Repeat exactly the lines below that lie between the line with "2、在设置界面中选择漫源设置" and the line with "A LA SRA. ALCALDESA", counting both of those lines as part of the answer.

→ **Working data**

* * * * * * *

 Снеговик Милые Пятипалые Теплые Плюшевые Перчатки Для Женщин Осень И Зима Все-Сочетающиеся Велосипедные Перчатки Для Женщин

* * * * * * *

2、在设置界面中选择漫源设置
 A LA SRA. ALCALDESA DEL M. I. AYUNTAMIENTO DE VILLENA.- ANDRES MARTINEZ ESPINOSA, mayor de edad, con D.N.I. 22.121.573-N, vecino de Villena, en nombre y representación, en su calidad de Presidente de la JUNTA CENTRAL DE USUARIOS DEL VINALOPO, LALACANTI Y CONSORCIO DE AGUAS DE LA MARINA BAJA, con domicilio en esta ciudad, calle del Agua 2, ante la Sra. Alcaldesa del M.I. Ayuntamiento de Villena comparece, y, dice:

* * * * * * *

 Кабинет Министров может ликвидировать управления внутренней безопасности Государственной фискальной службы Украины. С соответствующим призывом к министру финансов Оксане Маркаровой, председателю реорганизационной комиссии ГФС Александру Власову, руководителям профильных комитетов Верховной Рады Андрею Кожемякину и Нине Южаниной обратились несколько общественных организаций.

* * * * * * *

→ **Solution to this task**
2、在设置界面中选择漫源设置
 A LA SRA. ALCALDESA DEL M. I. AYUNTAMIENTO DE VILLENA.- ANDRES MARTINEZ ESPINOSA, mayor de edad, con D.N.I. 22.121.573-N, vecino de Villena, en nombre y representación, en su calidad de Presidente de la JUNTA CENTRAL DE USUARIOS DEL VINALOPO, LALACANTI Y CONSORCIO DE AGUAS DE LA MARINA BAJA, con domicilio en esta ciudad, calle del Agua 2, ante la Sra. Alcaldesa del M.I. Ayuntamiento de Villena comparece, y, dice:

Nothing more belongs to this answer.